-- Opening Marker --

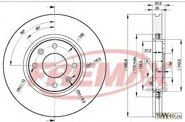 | Толщина тормозного диска (мм) | 26 |
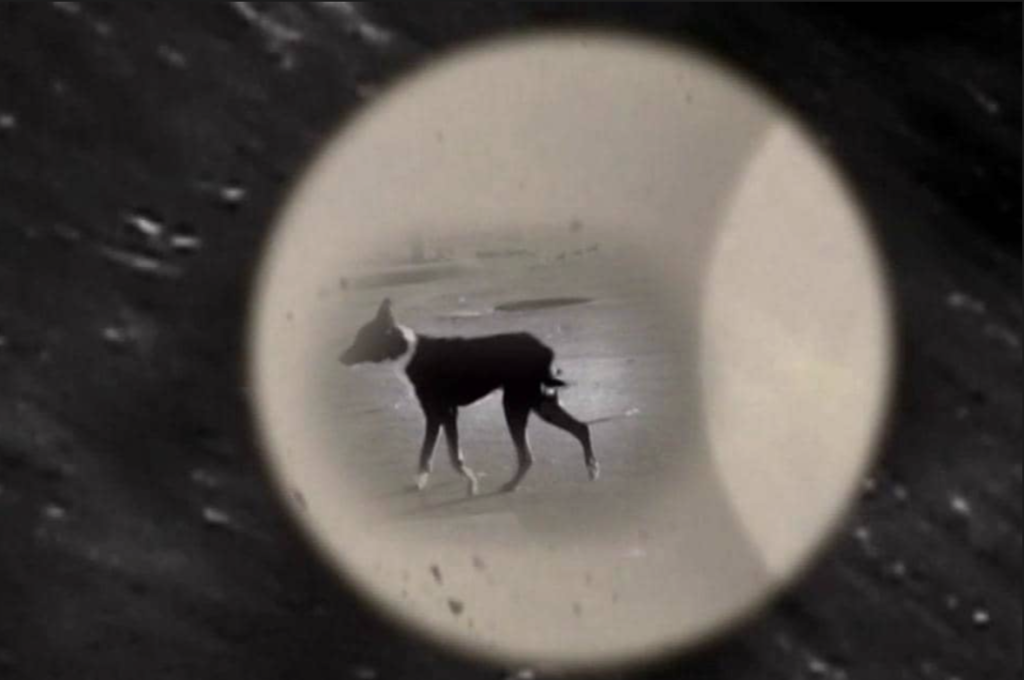 Serie de videos e impresiones sobre papel fotográfico. La luna ilumina con su luz prestada. Cruza un perro callejero, ciruja de nobles ancestros.
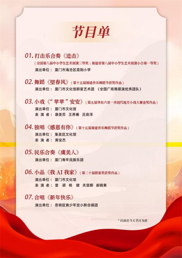 演出汇聚我省群众文艺创作精品,涵盖音乐、舞蹈、戏剧、器乐等多种形式,多部作品曾荣获国家级、省级大奖,温情满满,活力四射!这些作品由群众文艺骨干、文化馆团队、学校团体倾情创演,扎根生活、贴近民心,讲述福建故事,传递时代温度!
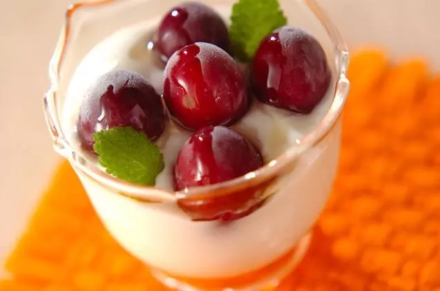冷凍庫で凍らせたブドウをヨーグルトに盛って、ハチミツで甘みをプラス。シャーベットの様な食感がおいしいですよ。ぶどうは冷凍すると日持ちするので、大量消費におすすめです。
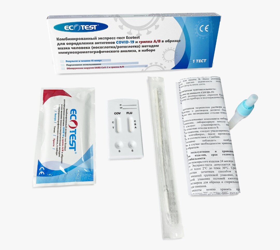 Ecotest Экспресс-тест для определения COVID-19 и грипп A/B, 1 шт. информация:

-- Closing Marker --

● **HOW TO COMPLETE THIS TASK**: Only an exact copy of the lines from the top of the entries through the line with "演出汇聚我省群众文艺创作精品", both included, should be given, with all pictures omitted.

● **ANSWER SPACE**:
 | Толщина тормозного диска (мм) | 26 |
 Serie de videos e impresiones sobre papel fotográfico. La luna ilumina con su luz prestada. Cruza un perro callejero, ciruja de nobles ancestros.
 演出汇聚我省群众文艺创作精品,涵盖音乐、舞蹈、戏剧、器乐等多种形式,多部作品曾荣获国家级、省级大奖,温情满满,活力四射!这些作品由群众文艺骨干、文化馆团队、学校团体倾情创演,扎根生活、贴近民心,讲述福建故事,传递时代温度!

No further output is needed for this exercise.